嫌よ嫌よも | ナノ
みんなは知らない
( 5/12 )


「もう、お母さんめ……」


実家からたくさん野菜が送られてきたから、と神家へのおすそ分けにパシられた私。せっかくの休日にゴロゴロしていたというのに。

少し重たいビニール袋を手に、見慣れた玄関のインターホンを押す。いつもならだいたい宗のお母さんが出迎えてくれるけれど、扉を開けたのは眠そうに欠伸する宗一郎で。聞くと、今日は部活が休みらしい。両親とも朝から出かけていて一人で留守番をしているとの事だった。


「今まで寝てたの?もうお昼過ぎだけど」
「……ちょっと寝すぎたかな」
「へえ、珍しい」


俺もそう思う、なんて言ってまた欠伸をした宗一郎。学校じゃ見れないこんな気の抜けた姿を知っているというのも、幼馴染の特権かもしれない。まあ知ってたところで、って話だけど。

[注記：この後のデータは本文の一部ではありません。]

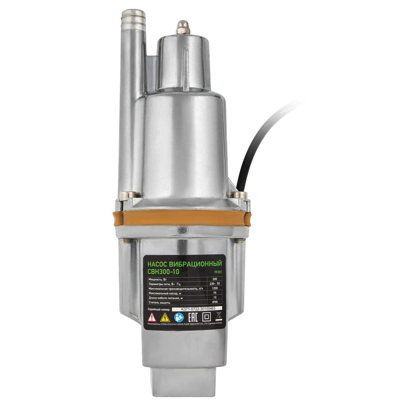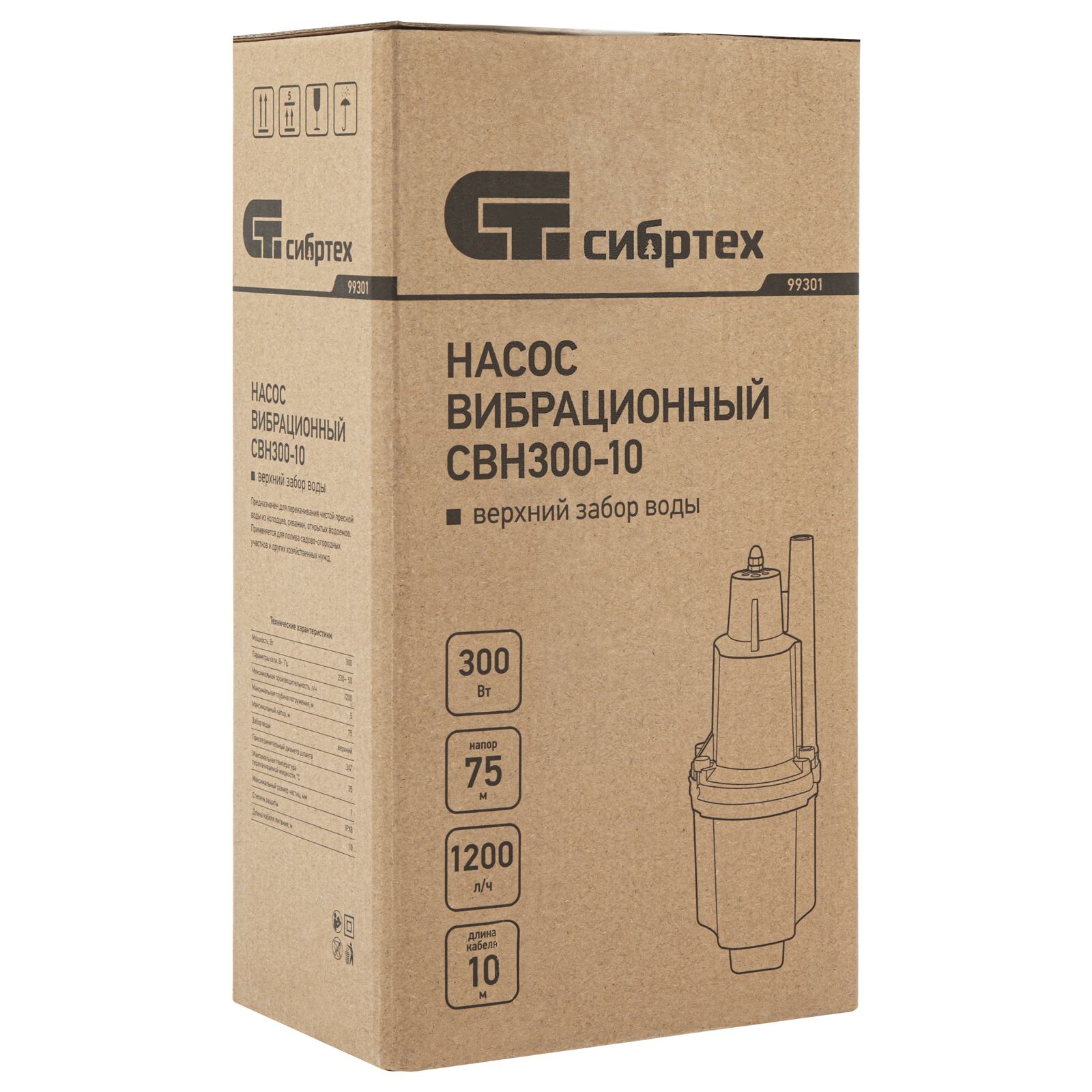 Вибрационный насос СВН300-10, верхний забор, 300 Вт, напор 75 м, 1200 л/ч, кабель 10 м Сибртех, 1200 л/ч в Краснодаре

野菜を渡してもう用は無いし、帰るねと言って手を上げればまるで返事をするようにぐう、と鳴った腹の虫。もちろん私のじゃない。


「……お昼ご飯もまだ?」
「それどころか朝も食べてないや」
「スポーツマンなのに」
「そうだね」


そんなだから背は高くても線が細いんだよ、とは口にしなかった。言えばニッコリと黒い笑顔で頬をつねられるのがオチだ。触らぬ神に祟りなし、てことで今度こそ帰ろうとした私の腕をさっと掴んだ宗一郎。なんだか面倒くさい予感がしつつも彼を見上げる。


「名前、たしか料理部だったね」
「……うん」
「上達したんでしょ?」
「少しは」
「じゃあ、なんか作ってよ。俺お腹すいたんだけど」
「えー……急に言われても」
「頼むよ」


ぽん、と頭に乗せられる大きな手。宗一郎は、私がこうして頼られると断れないことを知っているからずるい。




「どうよこれ」
「おお、すごい」


出来上がったレモンケーキを、玄関先で得意げに見せる。結局、彼のお母さんがしっかり昼食も準備してくれていたので、それならと食後のおやつを注文されたのだった。一度家に帰って作ってきたこのケーキは、先日の部活で練習したばかりなのでかなりの自信作だ。


「一緒に食べるだろ?」


上がりなよ、と誘われるままリビングに通され、宗一郎よりも把握してる台所で飲み物の用意をする。言わずもがな、この家にはしょっちゅう出入りしているのでその辺は勝手知ったるなんとやら、だ。


「ケーキだからストレートでいいよね……って、もう食べてるし!」
「ん、美味いよ」


紅茶を乗せたトレーを慎重にテーブルへ置いた。私を待たずに、すでに何切れ目かのケーキを手で頬張っていた宗一郎。用意した取り皿やフォークは使われないまま。けっこう大胆というか、ガサツなところがあるんだよね。


「名前にしては上出来かな」
「……なんか偉そう」
「あ、紅茶ちょうだい」
「もう!!」


こうして今日もマイペースな幼馴染に振り回され、どっと疲れた休日だった。